Getting the messaging right as an industry

As any industry develops there is the need to define practices and terms for processes and innovation. Some get through this stage easier than others, take for example the Internet of Things, which has become commonplace to describe connected machines, winning out over machine-to-machine which was more commonly used in the early stages of the industry. However, other practices soon became aligned with a negative – Genetic Modification (GM) for one.

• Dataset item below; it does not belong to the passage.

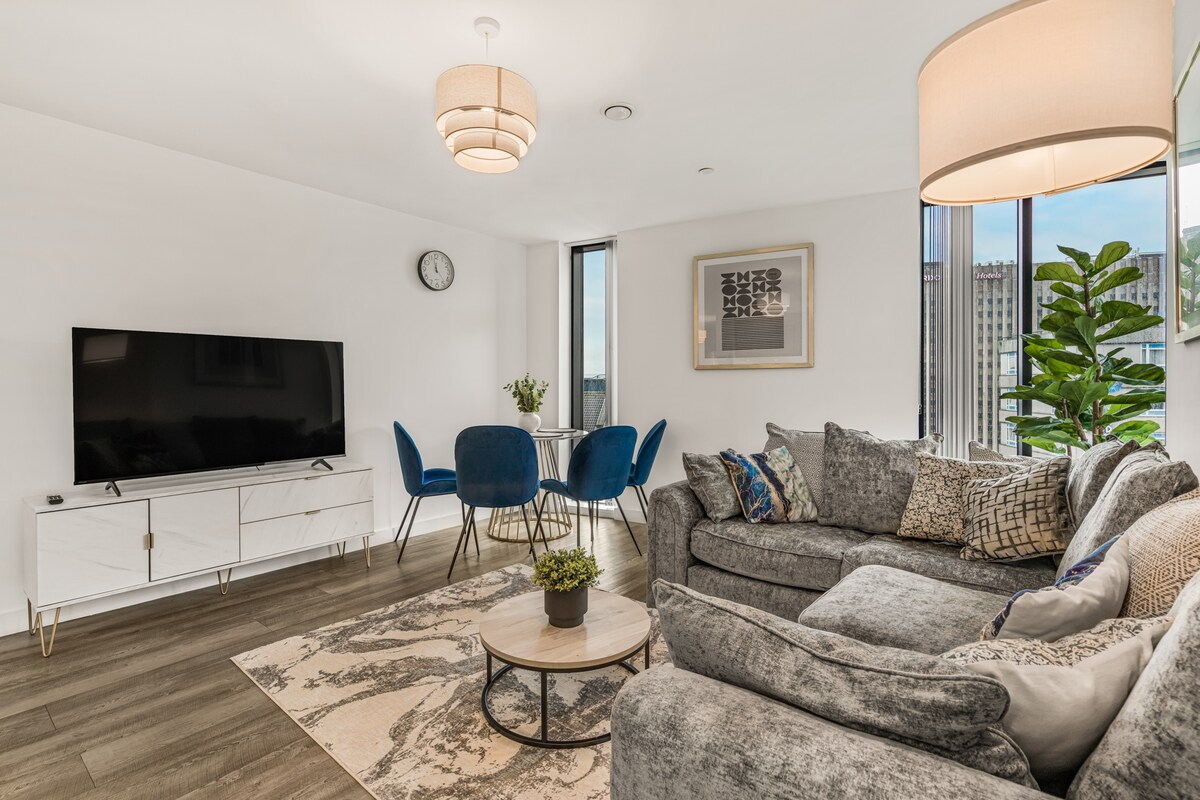 Üdvözöllek stílusos, 2 hálószobás, 2 fürdőszobás lakásunkban Birmingham szívében! A 8. emeleti lakás lenyűgöző kilátást nyújt a Broad Streetre, 4 főnek kényelmes ágyneművel, és csúcskategóriás felszereltséggel. Élvezd a szupergyors szélessávot, a Netflixet, a 2 okostévét és a teljesen felszerelt konyhát. Lépések a legjobb éttermektől, éjszakai élettől és látnivalóktól. Az épület kényelmi szolgáltatásai közé tartozik a lakók edzőterme, a társalgó és a biztonságos bejárat. Megjegyzés: Az engedély nélküli bulik 1000 font bírságot, valamint kártérítést és azonnali kilakoltatást vonnak maguk után.
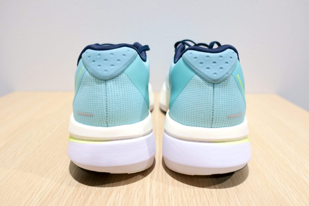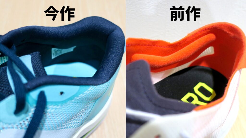 公式発表で前作より15g軽量化に成功。軽量化のデメリットとして、フィット感が損なわれがちであるが、今作はフィット感を上げつつ軽量化を実現。前作は踵部のクッション材が少なく、ホールド感が微妙であったが、今作は肉厚なクッション材を搭載。またガセットタン構造により、甲周りのフィット感は引き続き良好で、シューズ全体で足をガッチリと固定してくれるようになった。これにより長時間着用するロング走においても、最後まで違和感なく完走できるようになった。

This practice is at the heart of much of our agricultural and industrial practice in the modern world, but due to the lack of careful handling at the beginning, the phrase GM has been attached to a negative, unnatural and harmful connotation.

So how do we ensure that messaging is right for the industry as a whole?

It’s hard to predict how the general public will react to any topic, but there are a few things we can do to help steer things in the right direction:

  1. Ensure that phrases used are clear; not ambiguous and free from negative words
  2. Explain what a topic or process is by using real life examples – show it can have a positive impact on people as individuals or society as a whole
  3. Present a united front, but not a ‘defence’ – the same phrases need to be used consistently throughout the industry but points should be made in a positive manner
  4. Use industry bodies, innovation centres and similar organisations to set the tone – centres like IBioIC are there to grow the industry and can advise and support their member organisations. They can present a voice for the industry rather than an individual and can help to show united support across the board

Working together

The world is becoming a smaller place – we are all connected and technology is making that connection ever more prevalent. This also means there is a wider scope to collaborate and move the industry forward together. By exchanging knowledge, data, and best practice, the global economy can benefit, growing the market in all countries involved.

Celebrate success          

While issues of IP can mean that companies are resistant to share their innovations, we need to share successes as often as possible. This helps to raise the profile of the sector with political figures, investors, other researchers and innovators as well as the general public.

It also helps with both of the points above – success stories create a positive image of the industry and encourage others to work on similar areas to solve the spectrum of issues and challenges.

With the development of technology, we are seeing many new innovations in the marketplace and new sectors emerging. While it takes more than what is listed above, these are steps in the right direction. We are looking forward to seeing the industrial biotechnology market grow and what other sectors may develop in the coming years.